Sauf à vouloir démontrer leur pauvreté pour justifier l’imposition de nouvelles méthodologies de prise en charge, il ne s’agit pas de se questionner sur « l’état des connaissances sur la prévention de la récidive », mais bien sur l’état des connaissances des publics à acquérir et à développer lors de la formation initiale et continue. La formation et l’expérience professionnelle doivent permettre aux acteurs de terrain d’appréhender la personne avec laquelle ils travaillent dans toute sa globalité et dans toute sa complexité.
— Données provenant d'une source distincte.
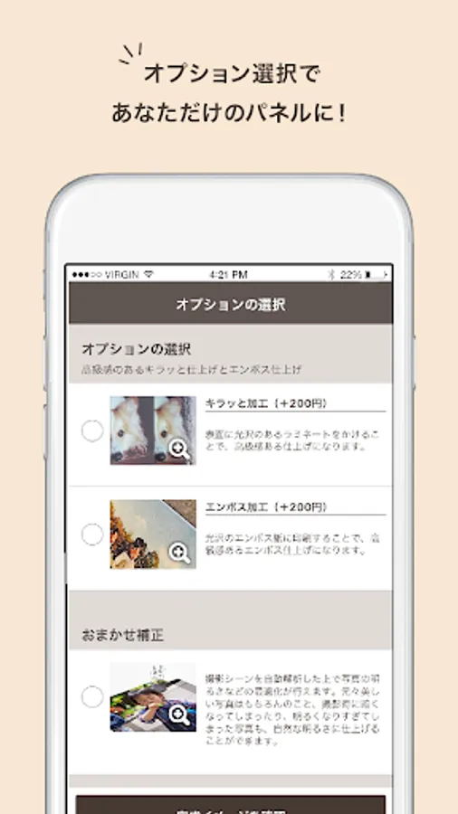 It is an application that you can make a photo panel crisply using photos in your smartphone. You can choose from four different sizes, 14 cm, 18 cm, 25 cm in size, or A3 size together. Operation such as photo selection and trimming is very smooth! With "stock function" you can save panels created with the application once. Immediately you can move to cart and purchase is also OK, but when you have plenty of money and time transfer it to your cart and purchase! Anything is possible. We will also distribute application-specific campaigns and deals. It is an application version of "Yukaku Panel" which is used in various scenes such as interior, welcome board, gift and so on. Please use all means.

Aujourd’hui, la formation initiale n’est pas à la hauteur des enjeux. Le cloisonnement entre les différents corps et le repli sur elles-mêmes des administrations ne laissent pas la place à l’apprentissage et aux partages de savoirs essentiels en sciences humaines. Les conditions de la formation continue ne permettent pas aux professionnels d’accorder le temps nécessaire à ces enrichissements primordiaux. Les offres de formation sont insuffisantes, peu diversifiées et conditionnées par les seules orientations politiques de l’administration. Les charges de travail et les contraintes imposées par l’institution réduisent à peau de chagrin le temps consacré à la formation continue par les travailleurs sociaux.
Le partage des savoirs et des savoir-faire doit être facilité et non entravé comme actuellement par l’institution. Les réunions d’équipe, les analyses de pratiques, les supervisions, les synthèses et échanges avec des partenaires extérieurs doivent être des espaces où les connaissances sont mutualisées, où les pratiques sont interrogées et améliorées, où les questions déontologiques sont débattues et retrouvent une place primordiale.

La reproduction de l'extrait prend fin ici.